Led class this morning. And it rocked from beginning to end. The morning started with My Gift from the Universe (i.e., daughter) setting off to take her SATs. As she was going out the door, we reviewed her list of essentials: calculator, pencils, water, sweatshirt. Off she went. A few minutes later, as I was sitting down to write, the phone rings: she’s forgotten the ticket that gets you in the door for the test. So off I go to bring the ticket.

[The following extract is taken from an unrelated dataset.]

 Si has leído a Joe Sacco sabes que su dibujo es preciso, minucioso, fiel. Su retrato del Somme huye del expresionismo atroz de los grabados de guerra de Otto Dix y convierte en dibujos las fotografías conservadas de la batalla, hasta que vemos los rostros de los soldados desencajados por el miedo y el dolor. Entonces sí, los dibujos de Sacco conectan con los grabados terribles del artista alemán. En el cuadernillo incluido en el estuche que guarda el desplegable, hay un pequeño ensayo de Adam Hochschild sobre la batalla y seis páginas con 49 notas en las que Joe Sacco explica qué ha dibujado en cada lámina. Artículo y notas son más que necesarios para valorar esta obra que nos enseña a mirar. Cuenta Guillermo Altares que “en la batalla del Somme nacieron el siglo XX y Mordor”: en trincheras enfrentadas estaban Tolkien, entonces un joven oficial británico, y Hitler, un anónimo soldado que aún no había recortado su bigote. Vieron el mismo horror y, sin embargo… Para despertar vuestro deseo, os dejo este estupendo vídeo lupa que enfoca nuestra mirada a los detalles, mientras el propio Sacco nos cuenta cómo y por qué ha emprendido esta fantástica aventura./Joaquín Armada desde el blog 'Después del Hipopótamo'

And the weird thing is that I have no impatience about having to drop my writing and run the ticket over to the testing center. Usually when stuff like this happens, I take a moment to put things in perspective, so I won’t get sucked up into impatience and irritation. It’s a pretty simple process, a kind of practice. But this morning I was surprised to find I had no impatience or irritation there to process–I felt quite joyful, actually. Okay, now this sort of thing is where I can get excited about my practice–if it is making this kind of equanimity possible. I came to Ashtanga from zazen, and despite differences between Hindu beliefs and the zen perspective, I feel pretty convinced that both practices lead to the same place.

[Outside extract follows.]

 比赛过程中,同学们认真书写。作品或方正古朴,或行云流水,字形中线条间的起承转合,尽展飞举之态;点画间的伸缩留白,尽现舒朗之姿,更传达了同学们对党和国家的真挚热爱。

And the joyful feeling stays all through led class. A kind of calm joy. I decided, at the beginning of class, that I would listen for any anxiety I might feel, feel it, then relax and let it go. And while I was at it, I might as well meditate on relaxing my hamstrings throughout the whole practice, right? Not be fearful of the hamstrings, or wrestle with them, but simply meditate on them gently. Kind of like Freud’s “hovering attention” in psychoanalysis. I know, it seems like an “easier said than done” kind of deal, right? But somehow it worked. Or else, I was simply meant to have a light, graceful practice today. Either way, it was very sweet.